既に先生の手には得意のデジカメがスタンバイされていた。『ハィハィもっと高く持ち上げて。アァそれじゃ魚が入らない。もっとこっち向いて。ストロボを点けると魚本来の色が出ないからね!ハイ、いくよぉー。』まるで七五三の写真を取られてる子供のような気がした。「どぉだー!尺ヤマメだぞー、まいったかぁ」とニヤけている自分が恥ずかしい。『すげぇー!どこに居たー。』井野君や板さんの声も賞賛の声に聞こえる。

 デジカメをとり終えた先生は、『どれどれ』とごつい右の手のひらをおもいっきり広げ、サイズを確かめだした。『にじゅう…はちセンチ…・だね!私のここからここまで23cmだから。よかったね!』と意とも簡単に決められてしまった。皆もそれに頷いている。

「エェーッ、チョットー!それはないでしょー、よく見てよー」と心の中で叫びながらも、顔は素直に認めている自分の姿が脳裏をかすめていた。ふと気がつくと皆、撤収モードで3人の後姿が目に入った。「あの先生は、今日の記憶に、東京から来た釣り人が28cmのヤマメを自慢げに釣り上げたと、毎週のように尋ねてくる他のメンバーの人たちに語るに違いない。だから今度はもっと大物を釣りましょうとでも言うのだろう。」と思いながら、持ち帰る訳にも行かないのでリリースした。「岩魚しか引っ掛けられなかった釣り人生で唯一のヤマメ。こいつは絶対に尺モノだ!」と自分に納得させていた。川のせせらぎの音が妙に寂しかった。

 

 何故か、その場を離れる車の中で今まで以上の満足感に浸っている自分だった。何時もの事だが、その日最大の満足感を体験すると、もうそれ以上の釣りから気持ちは離れ、幕場で夜の晩餐の準備に気が変わるのが常だ。だが今回ばかりは何故か幕場に期待が無い。「そうだ、今晩泊まる場所を決めていないのだ。確か3時頃までには戻るって井野君言ってたっけ。」しかし、先生は『もう一本行きマッカ。』と帰路に着く気配が無い。井野君や板さんも夕まずめを狙っているようだ。結局それから2,3個所回ったが外れた。最後に井野君が毎回必ずヒットしていたと言う何とか川のポイントに移動。時間的にここが最後になりそうだ。そこは橋の下にフライマンには絶好の瀬が続く場所であった。自分はすでにし掛けを絡めてしまい、新たに作る気も無かった。いやハリスが見えない、結べないのだ。橋の上から二人を見ていると、井野君のフライに飛びつくヤマメの姿が一瞬見えたのが、今回の釣り道中の最後だった。

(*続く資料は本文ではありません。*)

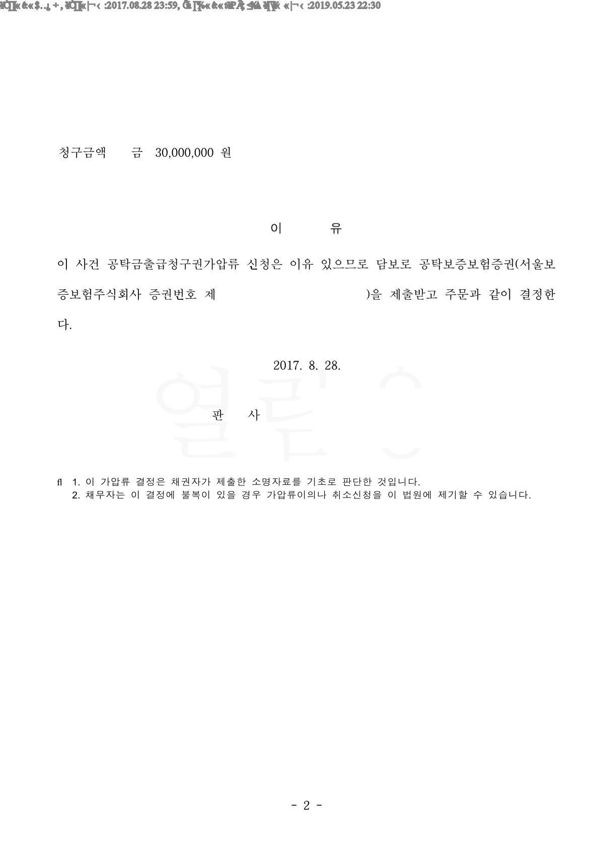 이를 바탕으로 심사가 진행되고 신청인에게 담보 제공 명령이 내려지는데요. 이때 공탁금(법령의 규정에 따라 공탁소에 맡겨 두는 돈)을 낼 수 없다면 절차는 이행되지 않습니다. 담보액은 청구금액의 1/10로 만약 채무자로부터 받아야 되는 돈이 3억 원이라면 3천만 원의 담보를 제공해야 되죠. 채권의 금액이 클수록 공탁금도 큰 규모가 되기에 이런 부분도 염두에 두고 있어야 합니다. 다만 재판부의 재량에 따라 변동될 가능성도 있으니 현재 자신이 현금을 확보하기 어려운 상황이라면 자문을 구할 때부터 공탁금을 줄일 수 있는지 확인하길 제안 드립니다. 더불어서 부동산 가압류를 위해 제출 당시 작성했던 청구 사유와 소명 방법에 대해 분명히 증명할 수 있어야 법원에서는 보전의 필요성을 인정해줍니다. 그러니 이러한 점을 명심하여 과정이 어렵고 복잡하다고 느껴진다면 조속히 법적 조력을 받는 것이 좋습니다.
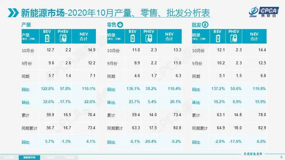 在市场整体回暖的背景下,新能源汽车板块表现极为强势。10月新能源乘用车批发销量突破14.4万辆,同比增长119.8%,环比9月增长15.9%。其中插电混动销量2.3万辆,同比增长58.6%,纯电动的批发销量12.1万辆,同比增长137.2%。

 彼岸も終わった東北北上の夕暮れは晩秋の様な景色だった。車窓には稲穂を焼く煙が田畑にたなびき、真っ赤に染まった山々に絶妙に溶け込んでいた。早朝から12時間以上も遊んだのだから、中年たちにこたえるのも無理は無い。車内のヒーターによる心地良い暖かさが眠気を誘う。隣の板さんはコックリコックリと気持ちよさそう。自分も誘い込まれるかどうかの瀬戸際の時、車は会長さんの自宅に着いた。

 車を敷地内の駐車場に入れ、解散モードになる。「それにしても、何て広い屋敷だ!4〜500坪はありそう。車が5台も有る。金持ちの道楽極まりない!」と誰もが思っているに違いない。駐車場で濡れた靴やジャージを着替えていると、既に帰宅していた会長が豪邸から出てきた。『お疲れさん!どうでした?』『我々も○○川や××川に行きましたが、人が多くて全然でした。私が25と28が2,3本でしてね…』とまた自慢が始まった。

話を合わせながら、早々に着替えを終え、先生には丁重に、会長にはそこそこにお礼を言い、その場を後にした。

 もはやテントを張って泊まる気など誰にも無い。何時も井野君が一人で来ると泊まる、北上駅前のビジネスホテルに車は向かっている。そしてその15分後にはチェックインしていた。『一泊素泊まりで5000円だし、温泉も着いているから』の誘いはまるでホテルの回し者のようだった。荷物を部屋において直ぐに夕食ついでに町に出る。「うまいものが食べたい。ホンとだったら今ごろ八森漁港の幸で恒例晩餐をやっているはず。あぁ魚が食いたい!」と探したのは居酒屋であった。あとはよく覚えていない。散々飲み食いしたあげくラーメン屋でまずい味噌ラーメンを食べて宿に戻ったと思う。

 21時前には宿に戻り、温泉「トロン温泉やないか!」には入り、部屋で缶ビール一本飲みきらない内に寝込んでしまった。

 

924日(月)

 9時にロビーに集合。直ぐにチェックアウト、駐車場を後にする。『どこに行く?』『釣りながら下る?』とりあえず高速でなく4号を南下した。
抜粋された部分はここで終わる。